[Opening DATA SUPPLIED section]

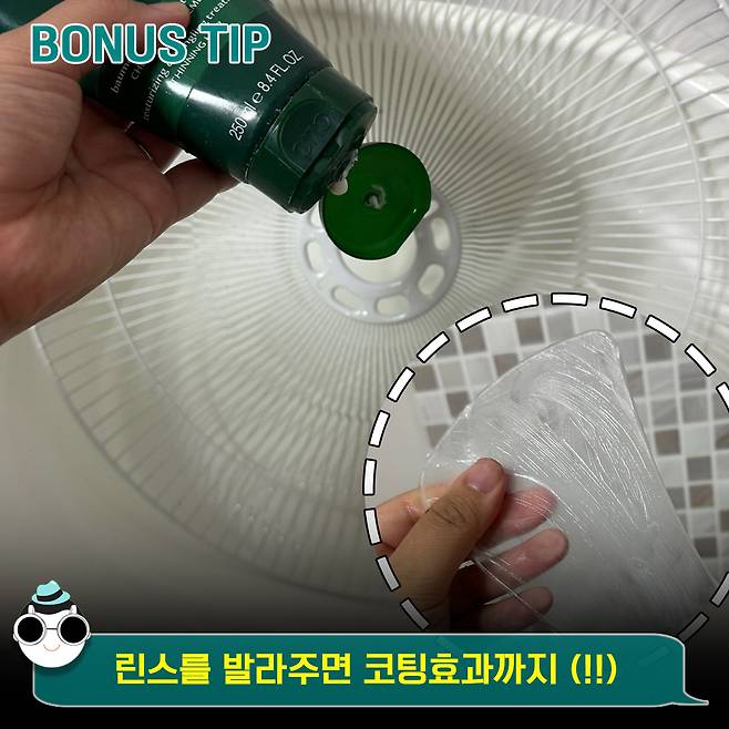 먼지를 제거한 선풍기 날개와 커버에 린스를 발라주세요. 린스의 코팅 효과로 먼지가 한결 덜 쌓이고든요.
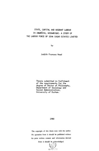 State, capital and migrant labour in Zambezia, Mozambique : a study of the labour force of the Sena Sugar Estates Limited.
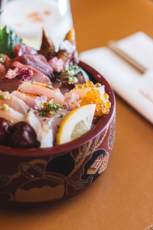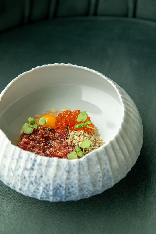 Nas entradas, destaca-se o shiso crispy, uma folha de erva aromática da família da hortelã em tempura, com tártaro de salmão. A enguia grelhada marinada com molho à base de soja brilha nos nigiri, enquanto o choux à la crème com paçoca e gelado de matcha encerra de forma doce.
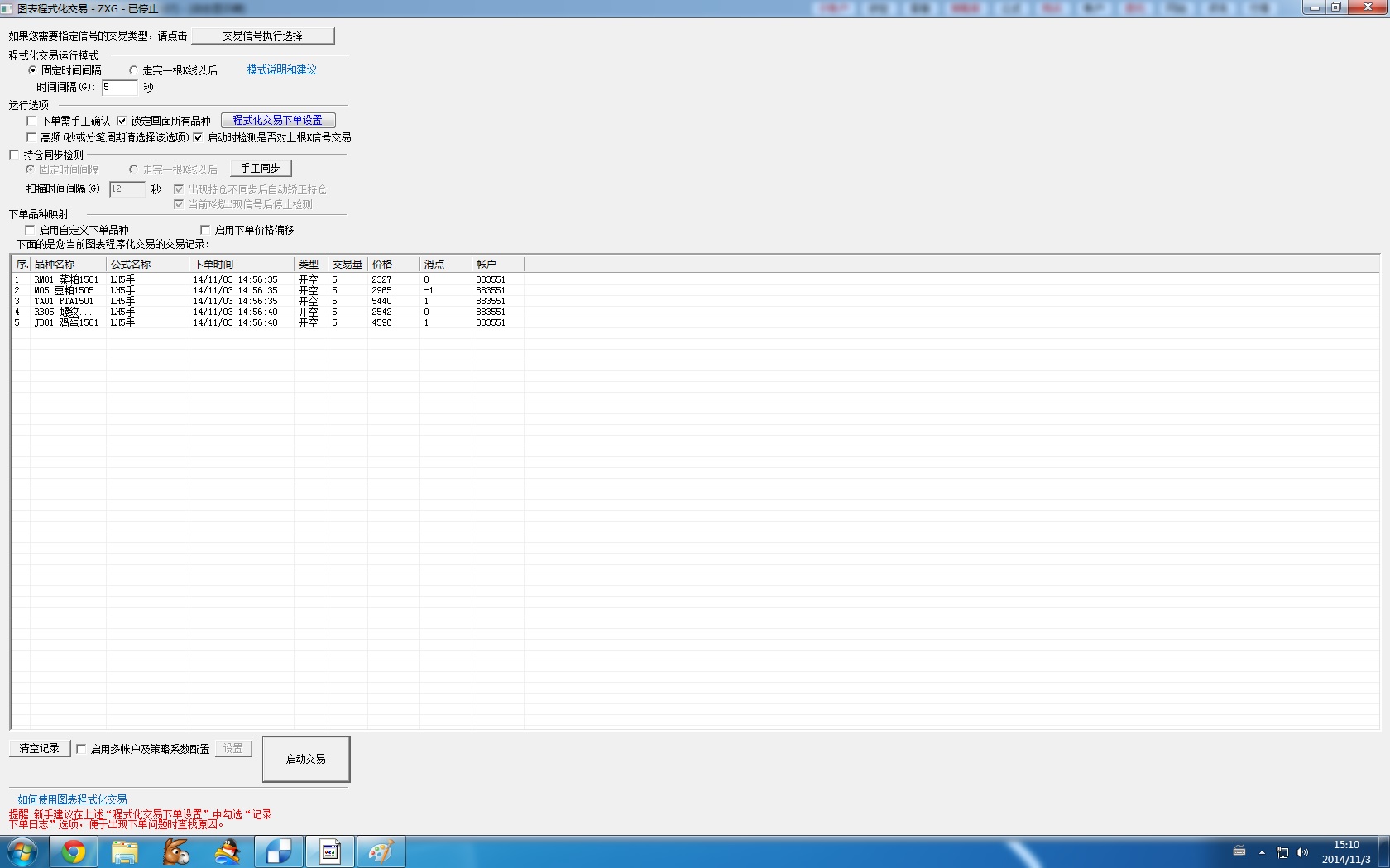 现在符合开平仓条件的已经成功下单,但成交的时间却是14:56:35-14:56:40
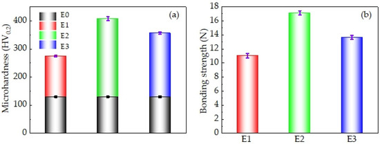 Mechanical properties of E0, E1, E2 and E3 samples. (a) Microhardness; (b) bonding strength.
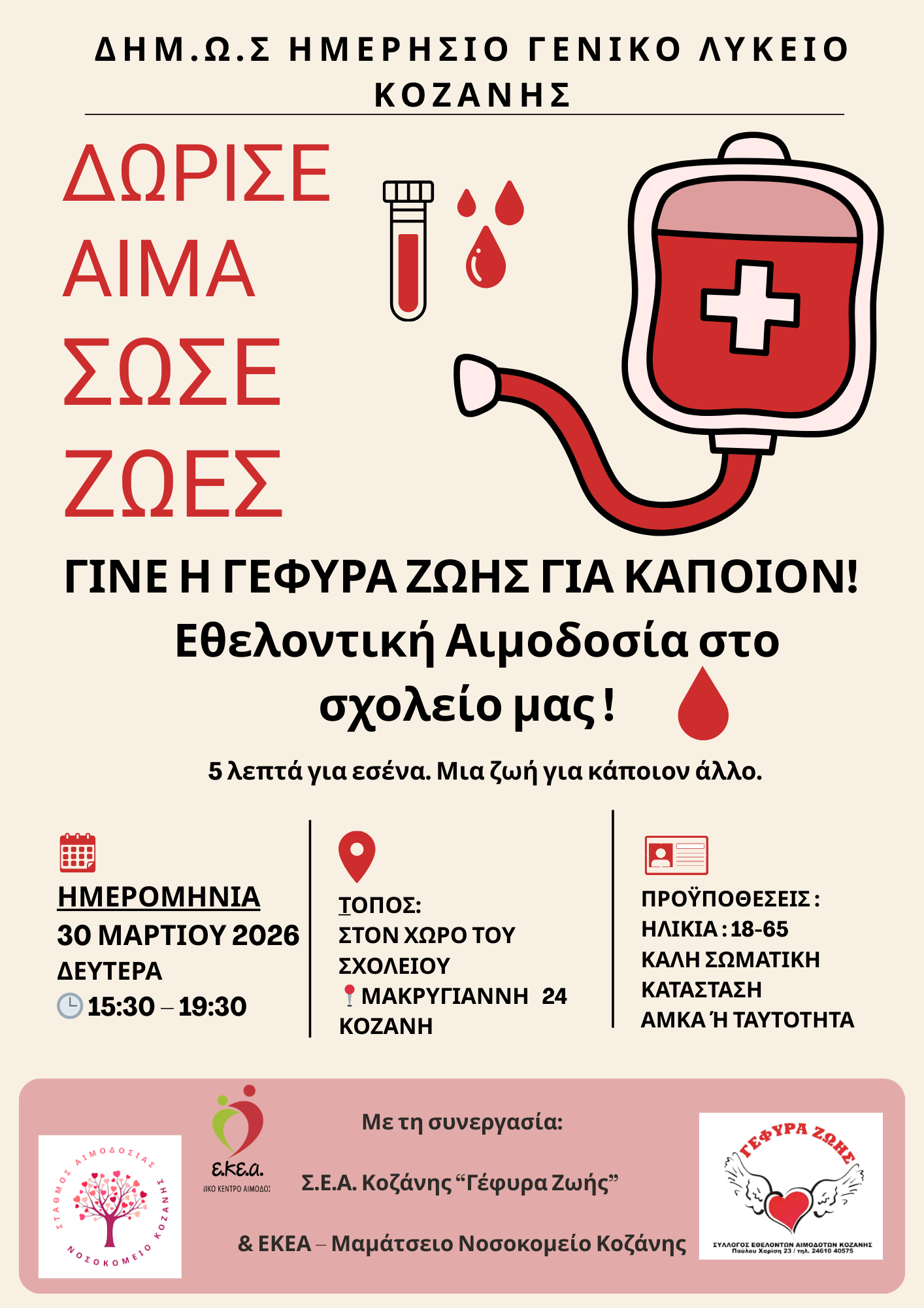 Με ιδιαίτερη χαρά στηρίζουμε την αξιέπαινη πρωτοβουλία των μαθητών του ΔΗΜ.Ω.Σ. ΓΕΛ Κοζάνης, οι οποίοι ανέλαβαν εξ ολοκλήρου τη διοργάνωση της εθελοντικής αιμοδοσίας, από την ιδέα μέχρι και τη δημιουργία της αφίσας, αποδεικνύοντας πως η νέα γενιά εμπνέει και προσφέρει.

[Closing DATA SUPPLIED section]

TRY IT
Please return exactly, and only, the lines from the one containing "现在符合开平仓条件的已经成功" through the end of the records, with both end lines kept and every picture dropped.

YOUR RESPONSE
 现在符合开平仓条件的已经成功下单,但成交的时间却是14:56:35-14:56:40
 Mechanical properties of E0, E1, E2 and E3 samples. (a) Microhardness; (b) bonding strength.
 Με ιδιαίτερη χαρά στηρίζουμε την αξιέπαινη πρωτοβουλία των μαθητών του ΔΗΜ.Ω.Σ. ΓΕΛ Κοζάνης, οι οποίοι ανέλαβαν εξ ολοκλήρου τη διοργάνωση της εθελοντικής αιμοδοσίας, από την ιδέα μέχρι και τη δημιουργία της αφίσας, αποδεικνύοντας πως η νέα γενιά εμπνέει και προσφέρει.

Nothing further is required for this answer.